How many of us can say that we can be, or even want to be, fully present for the awful, painful, dark, shitty parts of our lives…..without being colored by reaction?  Would you remain non-reactive when a father murders his son, especially if the child happens to also be your six-week old cousin?  Or how about when politicians go out on a limb and begin tossing around accusations towards their competition simply to gain their share of votes?  I am sure we can all agree that being fully present is really, REALLY hard to do.  The Buddha’s teachings were clear on this point, that instead of reaction, he discussed the concept of right action – rather than NO action.  Karma = Action.  When my cousin was murdered, you can damn well bet my family took action and you can also bet that we didn’t stop for one moment and think that the situation was a “figment” of our suffering from lifetimes long ago – what was happening was awful, atrocious and unwarranted.  Guess what?  Sometimes life doesn’t always have purpose or meaning, sometimes it is just shit.

Regrettably, his own mother couldn’t accept the atrocity of what had happened.  This denial meant she looked the other way from reality because she couldn’t bear to believe that the man she loved was capable of something so heinous.  Instead of taking action sooner, she blocked it out.  Her complacency cost her everything.  By avoiding the reality of the situation – she lost her son.  She continued to avoid the facts, instead believing that the father had not caused Jack harm (even after the father admitted his faults) through the inevitable end of his life and, in turn, she missed out on some precious moments that I can only describe as divine occurrence.  Jack, with his innocent, endless capacity for love, showed us what it must feel like when one is in the presence of God.   When I chose to remain in and experience the reality of the awful circumstances Jack was faced with, rather than turning away because “it wasn’t my problem” or that “he would get better”, I had no idea that I would feel incredibly blessed to have to have been a part of an unequivocally painful venture.  Yet, by remaining open to the fullness of not only his suffering, but of all of our suffering, I found the joy in the meaning of unconditional love.

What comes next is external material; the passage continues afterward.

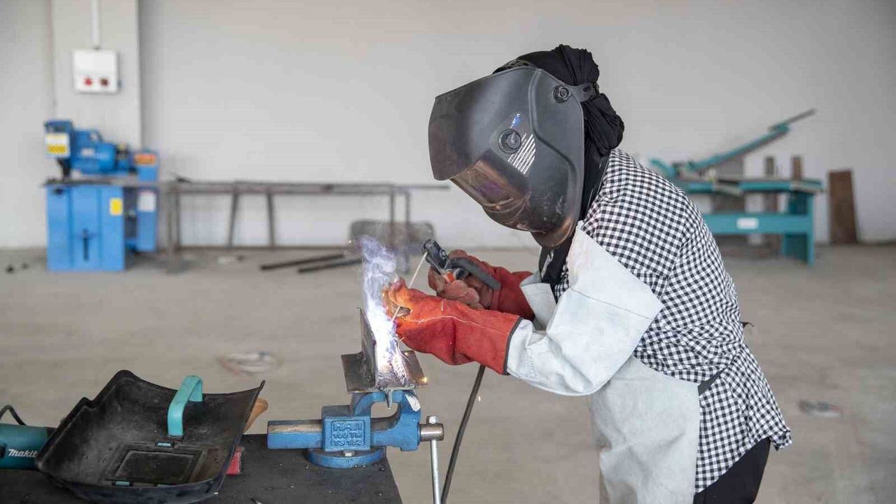 Mersin Büyükşehir Belediyesinin ‘mesleklerin cinsiyeti olmaz’ anlayışıyla hayata geçirdiği meslek edindirme kursları, her geçen gün bir kalifiye eleman daha yetiştirmeye devam ediyor. Sosyal Hizmetler Daire Başkanlığına bağlı olan Tırmıl Sanayi Sitesi’ndeki MERCEK Mesleki Eğitim Merkezinin kaynak atölyesinde eğitim gören tek kadın olan Sevgi Öz, yeteneğiyle kaynak işinin ‘erkek işi değil, ustalık işi’ olduğunu gösteriyor ve mesleklerin cinsiyeti olduğu algısını da bir bir yıkıyor.

There are some negative thoughts that we can certainly do without – the ones that are self-defeating – the ones that lie to you as you lay awake at night and tell you that you are “a loser” versus the ones that tell you are in a dark place in your life, and you are going to have to work hard to overcome some challenges.  To the same degree, there are some positive thoughts that are equally self-defeating, the ones that lie to you if you are in an abusive relationship and say “he didn’t mean to do that”, or “he really is a nice guy”.  These thoughts will lock you into a hell from which you cannot escape until it is sometimes too late.  The idea that “things will always work out” isn’t real, nor is it fair to think that if things are bad, they will stay that way forever.  The truth is that all things in life are impermanent, as are feelings, as are thoughts, as are we.

Denying yourself feelings in the present moment of reality means you deny yourself the opportunity to live in the present moment.  When this moment passes, you will not be able to get it back – so enjoy it – relish the pain, cherish the sorrow, appreciate the bad, and savor the good.  These moments are all part of you – each one works to construct the pages of your story.  Without each one, part of the story would be missing.  Jack is a part of mine – and I am honored he allowed me the chance to tell a part of his.